Chloe had sent a crew into the woods, too, to trap and forage. She certainly wouldn't have done that if there'd been any sign of a shift. And she knew. She knew in her bones. Vale wondered what it felt like to have your bones know something…
It was a shift! And it was something you felt, like the most horrible, wrenching, vomit-causing, bone-moving, earth-shuddering, mind-grabbing terror!
Elric let out a roar and began charging up the slope, cherries pelting down on Vale. Mindlessly clutching his basket, Vale staggered and clambered on, keeping his eyes on the one thing not rotating, the threshold of the cellar. He heard the keen of the time-winds but if they buffeted him, he was too fear-ridden to notice in the total cataclysm. One minute it seemed he and Elric walked the sky, with the earth threatening to slam them on the head; the next, the grassy slope had turned to solid ice and they grabbed at burning-cold sheaves of dead grass, or lost their grip in mounds of snow-fluff.

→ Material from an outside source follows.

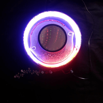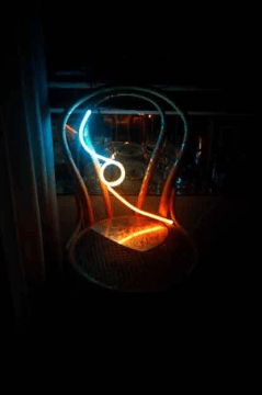 She also experimented with neon and belongs to the group NEÓN ART NEÓN. At this stage he started from a round wooden box titled «The eye that sees everything», then he made several works, among them we can mention: a tonet chair titled «DNA», because it belonged to his grandparents and the neon light and mirrors together with the colors he used, reflect and follow a visual path referring to DNA.

Chloe was in the threshold now, calling to them, her eyes wide, like blue beacons, her arms outstretched as if she could somehow stave off the fearsome currents that could lock them away for all eternity into that time stream.
As long as Vale could hear her, as long as he could see her tall figure, an orange wraith by the black basalt safety of the cellar, he was all right. As long as she remained there, they had not slipped into another current of time. They had not shifted.
Elric's can was knocked from his shoulders as he plunged through the doorway. Chloe grabbed the giant Viking as if he were no more than Vale himself. The sight of her making the blubbering warrior scoop up the now doubly precious fruit gave Vale the steadying he needed. He found his second wind, tightened the hold on his basket, and forged on. It got harder, for the slope had altered, a rocky face forming where the upland meadow had been.
"Chloe!" Vale screamed, tortured with the knowledge that she might not help him: that she rarely moved from the cellar and he desperately wished that she would. For him. She loved him best - she always said she did. He was her boy, son of her heart. "Chloe!"
"Throw the basket in," someone yelled in his ear above the shrieking wind. He was seized and thrown, arms flailing in terror that the breathless wind of time might blast him into another stream. Then Chloe's fingers caught his and dragged him, wailing, across the grooved basalt threshold. Someone else yanked him to his feet, propelling him down the corridor until he fetched up hard against the far wall and lay, sobbing, scarcely aware of being kicked, of a heavy foot grinding his fingers into the stone floor. He only knew he was safe, that Chloe had pulled him through the door. The yelling and screaming, the cries and angry shouts, even Elric's roar of outrage and the splat of fist against flesh failed to penetrate his hysterical relief as Vale pressed his cheek against the cold damp stone. It was a bad shift but he was safe, safe, safe!